**Record extracts:**
* * * * * * * * *
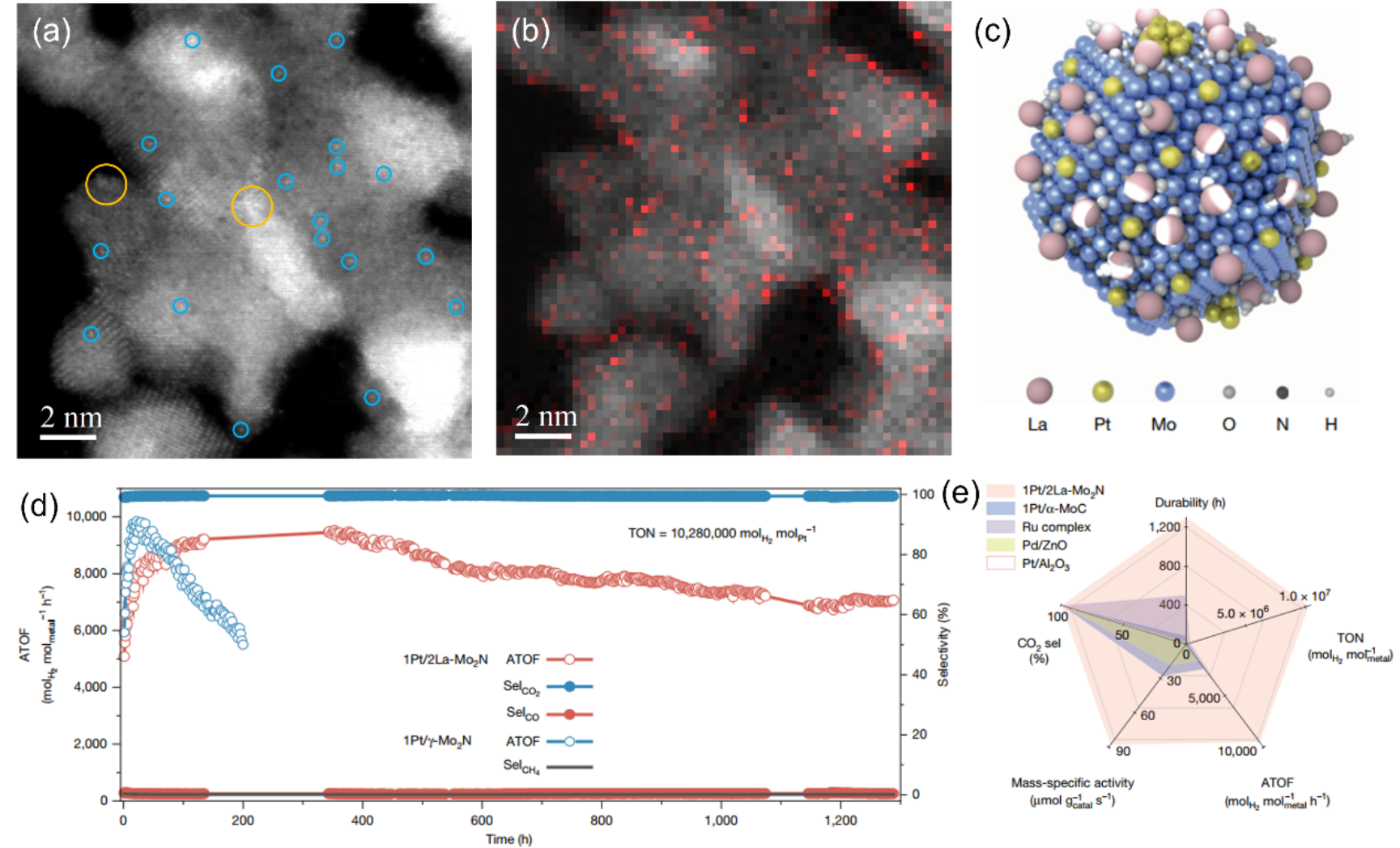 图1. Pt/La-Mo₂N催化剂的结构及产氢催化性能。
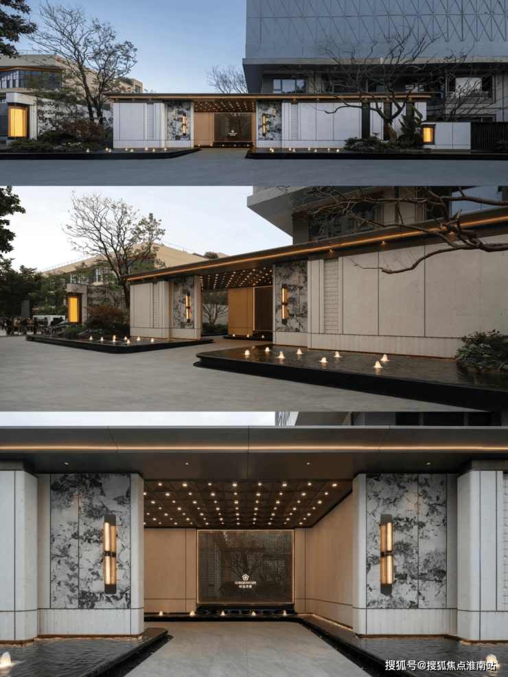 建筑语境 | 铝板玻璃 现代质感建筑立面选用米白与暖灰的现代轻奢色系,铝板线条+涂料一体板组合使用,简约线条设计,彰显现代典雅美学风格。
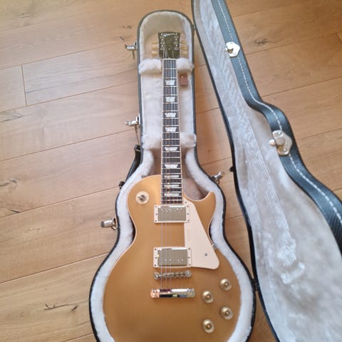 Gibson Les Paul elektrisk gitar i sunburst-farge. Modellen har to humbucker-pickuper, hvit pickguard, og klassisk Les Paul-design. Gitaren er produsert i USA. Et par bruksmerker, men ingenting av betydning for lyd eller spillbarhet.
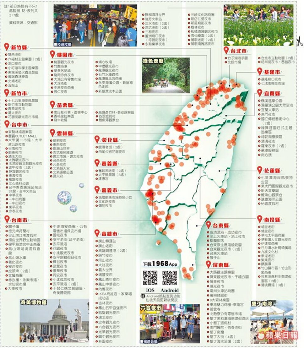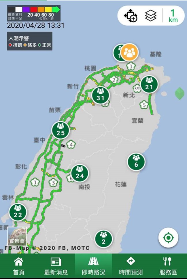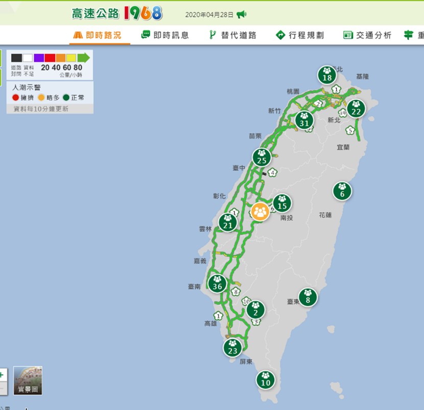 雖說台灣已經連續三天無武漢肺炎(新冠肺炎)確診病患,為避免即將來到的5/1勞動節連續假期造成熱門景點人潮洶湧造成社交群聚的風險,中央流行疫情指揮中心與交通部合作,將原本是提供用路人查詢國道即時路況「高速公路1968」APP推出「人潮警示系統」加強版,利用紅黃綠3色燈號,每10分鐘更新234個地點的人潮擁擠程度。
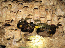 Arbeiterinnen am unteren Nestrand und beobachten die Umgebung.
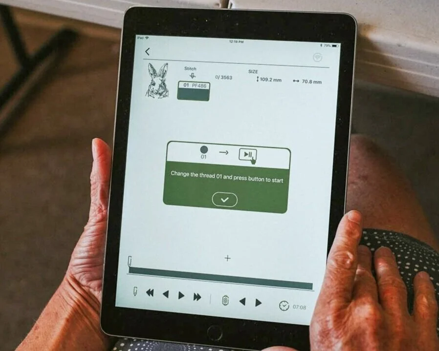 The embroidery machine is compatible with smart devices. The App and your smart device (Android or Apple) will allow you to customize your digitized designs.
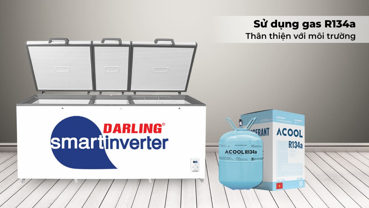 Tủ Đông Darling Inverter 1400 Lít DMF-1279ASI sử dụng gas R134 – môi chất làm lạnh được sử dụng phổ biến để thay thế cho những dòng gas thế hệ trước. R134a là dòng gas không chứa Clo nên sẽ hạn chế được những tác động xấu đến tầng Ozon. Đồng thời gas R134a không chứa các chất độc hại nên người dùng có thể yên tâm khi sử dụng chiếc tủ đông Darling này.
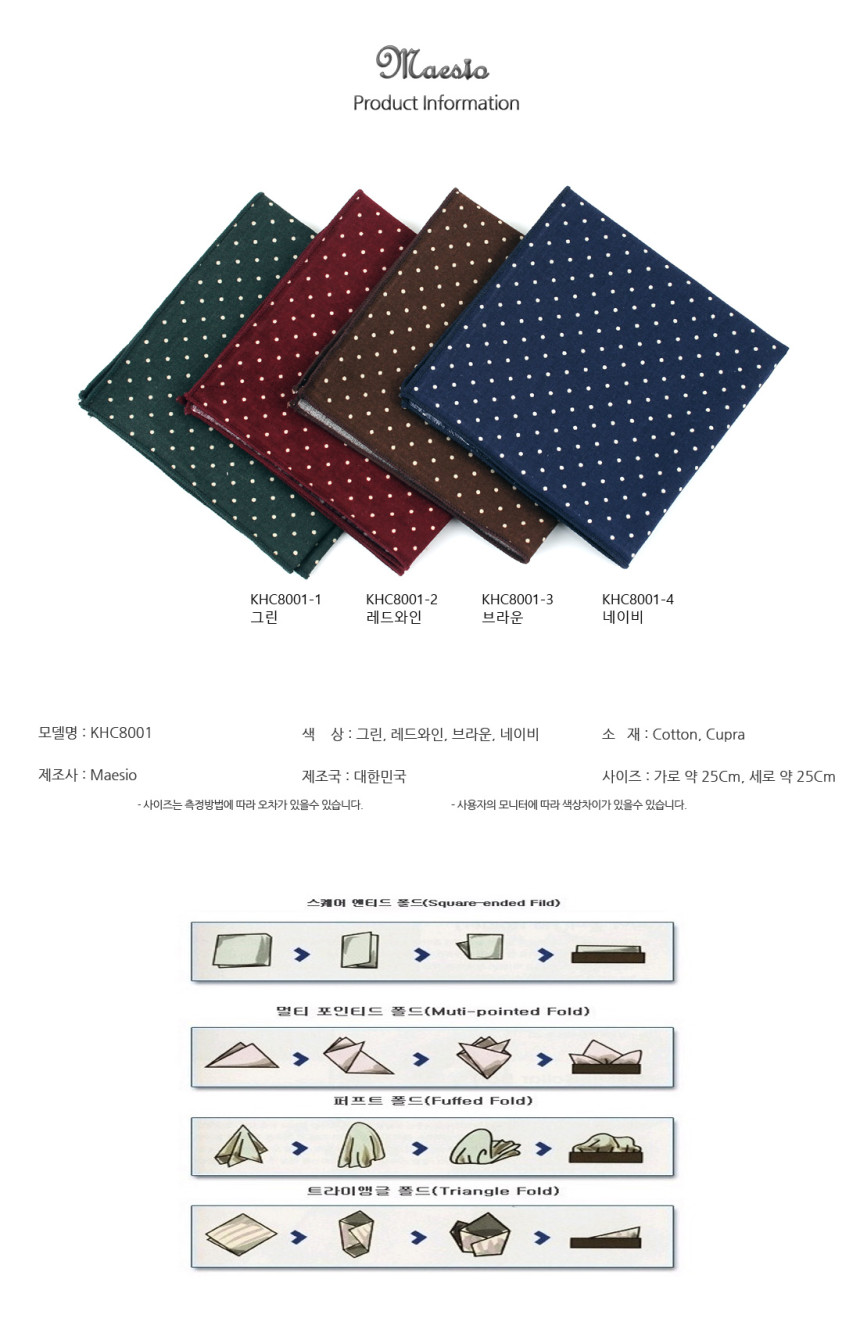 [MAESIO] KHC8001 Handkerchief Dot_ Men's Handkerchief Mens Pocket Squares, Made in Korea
* * * * * * * * *
**Description of the task:**
Your reply should be the entries above, repeated exactly and free of pictures.

**Response below:**
 图1. Pt/La-Mo₂N催化剂的结构及产氢催化性能。
 建筑语境 | 铝板玻璃 现代质感建筑立面选用米白与暖灰的现代轻奢色系,铝板线条+涂料一体板组合使用,简约线条设计,彰显现代典雅美学风格。
 Gibson Les Paul elektrisk gitar i sunburst-farge. Modellen har to humbucker-pickuper, hvit pickguard, og klassisk Les Paul-design. Gitaren er produsert i USA. Et par bruksmerker, men ingenting av betydning for lyd eller spillbarhet.
 雖說台灣已經連續三天無武漢肺炎(新冠肺炎)確診病患,為避免即將來到的5/1勞動節連續假期造成熱門景點人潮洶湧造成社交群聚的風險,中央流行疫情指揮中心與交通部合作,將原本是提供用路人查詢國道即時路況「高速公路1968」APP推出「人潮警示系統」加強版,利用紅黃綠3色燈號,每10分鐘更新234個地點的人潮擁擠程度。
 Arbeiterinnen am unteren Nestrand und beobachten die Umgebung.
 The embroidery machine is compatible with smart devices. The App and your smart device (Android or Apple) will allow you to customize your digitized designs.
 Tủ Đông Darling Inverter 1400 Lít DMF-1279ASI sử dụng gas R134 – môi chất làm lạnh được sử dụng phổ biến để thay thế cho những dòng gas thế hệ trước. R134a là dòng gas không chứa Clo nên sẽ hạn chế được những tác động xấu đến tầng Ozon. Đồng thời gas R134a không chứa các chất độc hại nên người dùng có thể yên tâm khi sử dụng chiếc tủ đông Darling này.
 [MAESIO] KHC8001 Handkerchief Dot_ Men's Handkerchief Mens Pocket Squares, Made in Korea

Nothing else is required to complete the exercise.